Task item >> Write out the lines below exactly, beginning at the one with "下午,太阳当空照,正是适合打" and stopping after the one with "Uma estrutura excelente, com"; the pictures are not copied.

Records shown >>
————————

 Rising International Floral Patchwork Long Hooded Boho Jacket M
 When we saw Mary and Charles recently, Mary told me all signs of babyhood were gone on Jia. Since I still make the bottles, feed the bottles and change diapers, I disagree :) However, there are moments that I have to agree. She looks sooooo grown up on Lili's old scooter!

————————

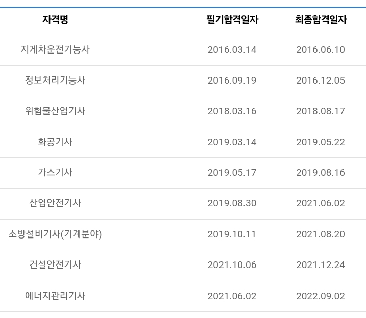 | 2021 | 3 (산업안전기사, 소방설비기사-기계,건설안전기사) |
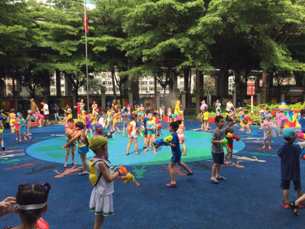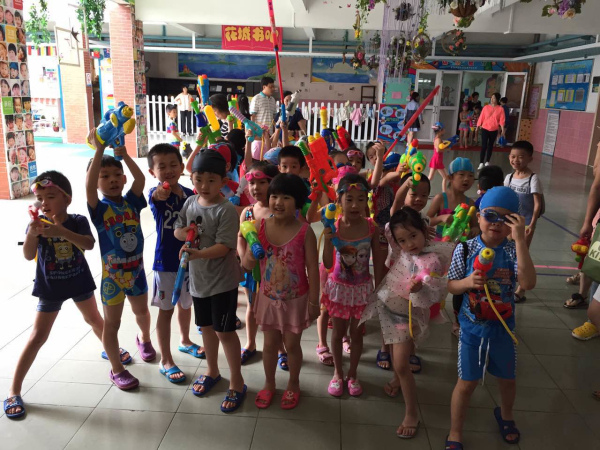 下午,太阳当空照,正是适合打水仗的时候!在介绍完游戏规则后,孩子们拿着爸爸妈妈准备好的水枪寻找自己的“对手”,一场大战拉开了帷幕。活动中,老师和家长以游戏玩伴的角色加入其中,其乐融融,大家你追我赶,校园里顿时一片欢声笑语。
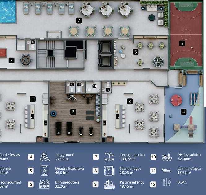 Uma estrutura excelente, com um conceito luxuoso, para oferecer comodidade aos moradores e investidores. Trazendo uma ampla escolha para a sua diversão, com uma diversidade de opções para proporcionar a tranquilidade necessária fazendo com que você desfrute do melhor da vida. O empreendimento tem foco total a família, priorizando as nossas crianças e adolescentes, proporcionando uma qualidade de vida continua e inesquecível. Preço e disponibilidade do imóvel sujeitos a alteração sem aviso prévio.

————————

Output of the exercise >>
 下午,太阳当空照,正是适合打水仗的时候!在介绍完游戏规则后,孩子们拿着爸爸妈妈准备好的水枪寻找自己的“对手”,一场大战拉开了帷幕。活动中,老师和家长以游戏玩伴的角色加入其中,其乐融融,大家你追我赶,校园里顿时一片欢声笑语。
 Uma estrutura excelente, com um conceito luxuoso, para oferecer comodidade aos moradores e investidores. Trazendo uma ampla escolha para a sua diversão, com uma diversidade de opções para proporcionar a tranquilidade necessária fazendo com que você desfrute do melhor da vida. O empreendimento tem foco total a família, priorizando as nossas crianças e adolescentes, proporcionando uma qualidade de vida continua e inesquecível. Preço e disponibilidade do imóvel sujeitos a alteração sem aviso prévio.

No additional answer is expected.